“How quick come the reasons for approving what we like.” — Jane Austen
This is a follow up to my previous post, Influencer Training Day 1. These are my notes from day 2 of Influencer training.
It turned out to be way tougher to write up than I expected. I had a lot of notes and we covered a lot of material and I wanted to boil it down as simply as possible. This is actually my third variation and I think it’s the cleanest so far.
Change You, Your Work, Your World
Why would I spend so much time trying to get this right? Because I think it’s some of the most powerful information for changing you, your environment, your team, your work, or the world.
Influencer is effectively advanced training for dealing with resistant and persistent problems. It works by clarifying meaningful results, identifying vital behaviors, and focusing on Six Sources of Influence. The Six Sources of Influence is simply a matrix of motivation and behavior, organized by personal, social, and motivational forces.
Real-World Training Based on the Book
Influencer training is based on the fantastic book, Influencer: The Power to Change Anything, by the amazing team (Kerry Patterson, Joseph Grenny, David Maxfield, Ron McMillan, and Al Switzler.) What a bunch of super heroes — really. I was lucky enough to have Amy Daly-Donovan for my instructor. Nothing beats having a skilled instructor who has a wealth of experience and insight to share.
Our day 2 of training was mostly spent walking the sources of influence, so I organized my notes using that frame. I think it helps make it easier to follow. I also stuck to the key points and chose effective over complete where I needed to make a call.
10 Key Lessons from Influencer
Before digging into the sources of influence, this is a quick survey of 10 of my favorite lessons from day 2 of Influencer training:
- 10X your success. You can improve your chance of success ten-fold by using a variety of strategies. Influencers succeed because they “overdetermine” success by using all six sources of influence. They use a variety of strategies to make change inevitable. In a study by VitalSmarts, 95% attempting corporate change failed. They tried 1-3 strategies then quit. On the flip side, those who used 4 or more strategies were 10 times more likely to succeed. See How To 10X Your influence.
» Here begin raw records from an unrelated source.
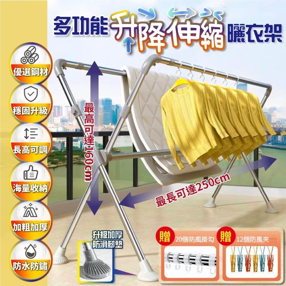 X型不鏽鋼曬衣架 升級可升降伸縮衣架 晾衣架 不銹鋼掛衣架 三桿曬衣架 曬被架
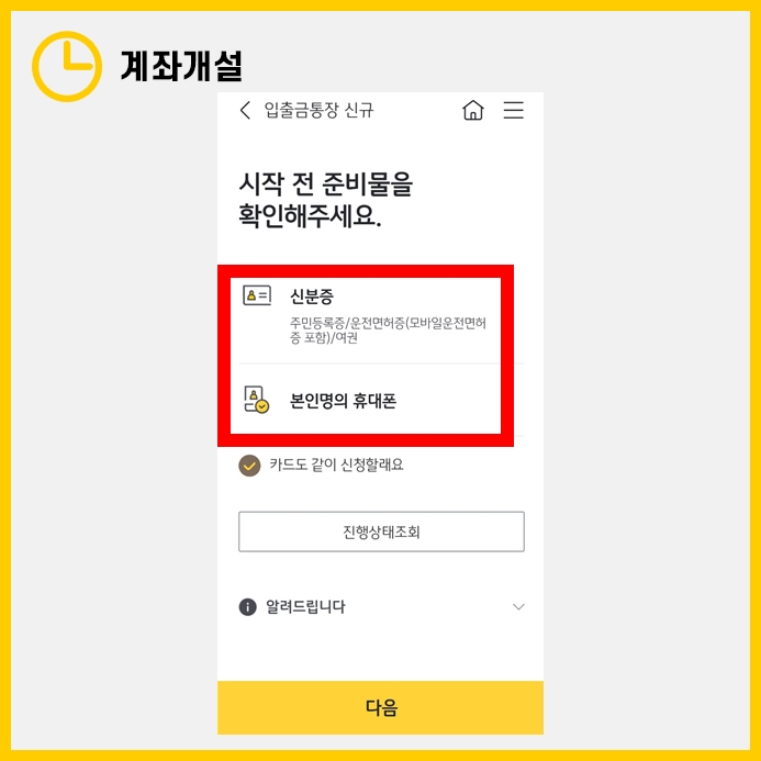 신분증과 본인 명의의 핸드폰이 계좌 개설 시에 필요하며, 이 과정은 회원가입할 때와 동일하기에 설명을 생략하도록 하겠습니다.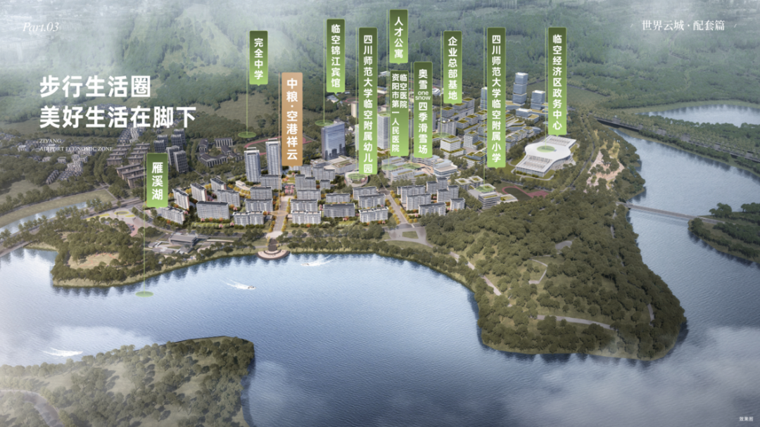 中粮.空港祥云,这是一座天府机场旁的湖畔公园城,天府临空经济区战路定位为国家级内陆临空经济发展示范区,规划面积298平方里,重点发展航空物流与口岸贸易、临空高端制造、临空现代服务及科技创新与果转化产业。作为直连成渝的双门户",承接大量人口红利和产业外溢。仕净科技、星河动力、Keeway、.毯凡创新、因诺科技、九天中创、光为通信等已相继入驻投产,吸引了大量行业高精尖人才入驻,推动区域价值提升。且临空雁溪生态城,因其适宜的机场距离、成渝双城的重要交通节点、得天独厚的自然优势,打造产城结合,山水相容“的宜居宜业的公园城。

- 3 reasons why change fails. There are 3 common mistakes why change fails: 1) they don’t use all potential sources of influence, 2) they don’t tie their strategies to vital behaviors, and 3) they jump from behavior to behavior and lose focus. You have to focus on vital behaviors. You’re looking at high-leverage and ripple effects.
- Connect to values. The most powerful motivation is personal motivation. The most powerful personal motivation is when you connect to values.
- Leverage deliberate practice to change your game. Deliberate practice is practicing explicitly to improve your performance. It involves focus, high-levels of repetition, and actionable feedback on results. The key here is that many people think they’re limited because of genes or natural ability. They get stuck or don’t try to learn new skills. The solution is using deliberate practice to improve your personal ability.
- Will is a skill. Yes, you can improve your self-discipline by using techniques. This should be good news for a lot of people. (see my post, Is Will a Skill?)
- Overwhelm your problems by using all six sources of influence. This is along the lines of Voltaire’s famous quote, “no problem can withstand the assault of sustained thinking,” In this case, it would be, “no persistent or resistant problem can withstand six sources of influence.”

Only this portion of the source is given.